# HOW TO COMPLETE THIS TASK
Omit the pictures and return exactly the stretch of the material below from the line with "Durante a atividade, os" through the line with "V naši outlet".

# DATASET EXTRACT
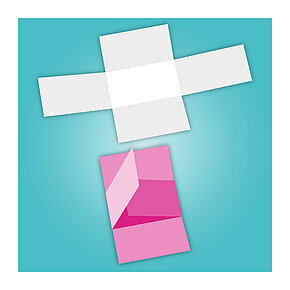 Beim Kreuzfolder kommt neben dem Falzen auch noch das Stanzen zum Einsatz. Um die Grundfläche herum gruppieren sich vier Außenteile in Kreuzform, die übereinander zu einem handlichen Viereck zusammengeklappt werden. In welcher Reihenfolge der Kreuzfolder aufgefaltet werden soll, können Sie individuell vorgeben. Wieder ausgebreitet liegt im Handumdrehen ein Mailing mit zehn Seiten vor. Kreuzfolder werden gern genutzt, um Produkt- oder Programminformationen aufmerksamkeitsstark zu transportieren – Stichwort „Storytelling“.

* * *

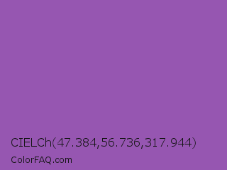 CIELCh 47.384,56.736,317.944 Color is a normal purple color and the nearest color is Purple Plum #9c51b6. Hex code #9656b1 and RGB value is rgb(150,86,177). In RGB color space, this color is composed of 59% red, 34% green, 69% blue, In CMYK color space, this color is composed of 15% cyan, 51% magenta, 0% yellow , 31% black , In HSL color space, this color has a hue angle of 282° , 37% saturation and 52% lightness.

...

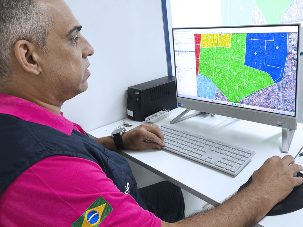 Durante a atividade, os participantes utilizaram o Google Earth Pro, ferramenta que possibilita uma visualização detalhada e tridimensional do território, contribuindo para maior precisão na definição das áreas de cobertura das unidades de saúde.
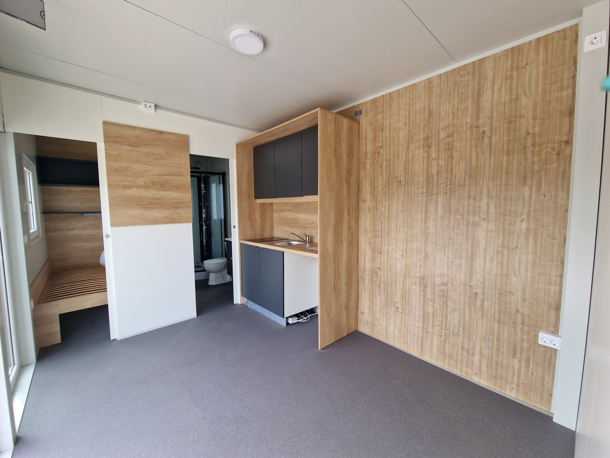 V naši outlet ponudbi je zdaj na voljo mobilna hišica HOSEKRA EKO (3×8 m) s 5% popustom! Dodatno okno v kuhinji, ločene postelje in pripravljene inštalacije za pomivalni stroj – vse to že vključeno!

# RESPONSE BELOW
 Durante a atividade, os participantes utilizaram o Google Earth Pro, ferramenta que possibilita uma visualização detalhada e tridimensional do território, contribuindo para maior precisão na definição das áreas de cobertura das unidades de saúde.
 V naši outlet ponudbi je zdaj na voljo mobilna hišica HOSEKRA EKO (3×8 m) s 5% popustom! Dodatno okno v kuhinji, ločene postelje in pripravljene inštalacije za pomivalni stroj – vse to že vključeno!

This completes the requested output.